One of the JAMA studies looked at 2,435 people from the long-running Framingham Heart study who were not taking a statin. Senior author Dr. Udo Hoffmann, professor of radiology at Harvard-affiliated Massachusetts General Hospital, and colleagues determined that 39% of the study participants would have been eligible to take a statin under the new guidelines, versus 14% under the older guidelines. They then looked at the numbers of heart attacks, strokes, and deaths from cardiovascular disease in both groups over a nearly 10-year period. The rates in both groups were nearly the same (just over 6%), suggesting that the new guidelines wouldn’t put too many people on the drugs unnecessarily. And when they looked at the people who weren’t eligible for a statin under the new guidelines, just 1% had a heart attack or stroke. Under the old ones, 2.4% did. That suggests that the new guidelines provide a more accurate assessment of who would benefit from a statin and who wouldn’t.

“We’re moving the dial towards a more accurate prediction of heart disease risk and its relevance to statin therapy,” says study co-author Dr. Christopher O’Donnell, chief of cardiology at the Boston VA Healthcare System and associate professor at Harvard Medical School.

The other JAMA study relied on a computer model to calculate the cost-effectiveness of the new guidelines. The model projected the costs for a hypothetical group of Americans between the ages of 40 and 75 who would take a statin based on the new guidelines. These costs include the expense of cholesterol testing, medications, lab and doctor visits, as well as the cost of treating heart attacks and strokes, said senior author Dr. Thomas A. Gaziano, assistant professor in the Department of Health Policy and Management and cardiologist at Brigham and Women’s Hospital. The downsides of taking a statin, including the inconvenience of taking a daily pill and a slightly higher risk of diabetes related to statin use were also part of the equation. Another key factor in the model was a measure known as the quality-adjusted life-year, which measures the burden of a disease in terms of both the quality and quantity of life lived.

The model showed that the new guidelines — which would put almost half of adults aged 40 to 75 on a statin — would be cost-effective. In fact, the model predicted that lowering the threshold for prescribing statins down from a 7.5% 10-year risk to a 3% 10-year risk would save even more money. In that scenario, about two-thirds of adults between the ages of 40 and 75 would be taking a statin.

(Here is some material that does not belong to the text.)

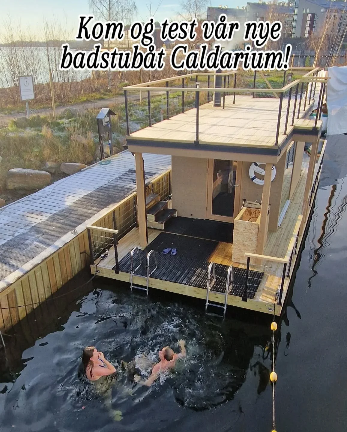 Gratulerer til Fjordtokt og nabolaget, som nå har fått et tredje badstutilbud ytterst på moloen utenfor Sollerudstranda. Caldarium heter den nye badstubåten.

One explanation for the results: Most statins are now available as generics, so the annual cost of taking them has dropped from several thousand dollars a year to around $100 a year.

If all this has you wondering if you should be taking a statin — particularly if your risk is around 7.5% or lower — here’s another way to think about the decision. Statins lower the risk of a heart attack by about 20%. “If you’re in a low risk group, say 5%, taking a statin reduces your risk down to 4%,” explains Dr. Gaziano. Some people in that group might decide it’s not worth the hassle of taking a drug every day for a very small benefit. But others might want to do everything they possibly can to lower their risk, he says. That’s why it’s so important to have a discussion with your doctor about your own situation and preferences.

Finally, don’t neglect the other important ways to lower your risk of heart disease. “The World Health Organization says that about 80% of all heart disease could be prevented by lifestyle changes,” says Dr. John Abramson, a lecturer on health care policy at Harvard Medical School. That means eating a healthier diet, getting regular exercise, and not smoking. “Statins are the most broadly used class of prescription medications in the history of the world, but there’s never been a study comparing them to making lifestyle changes,” says Dr. Abramson.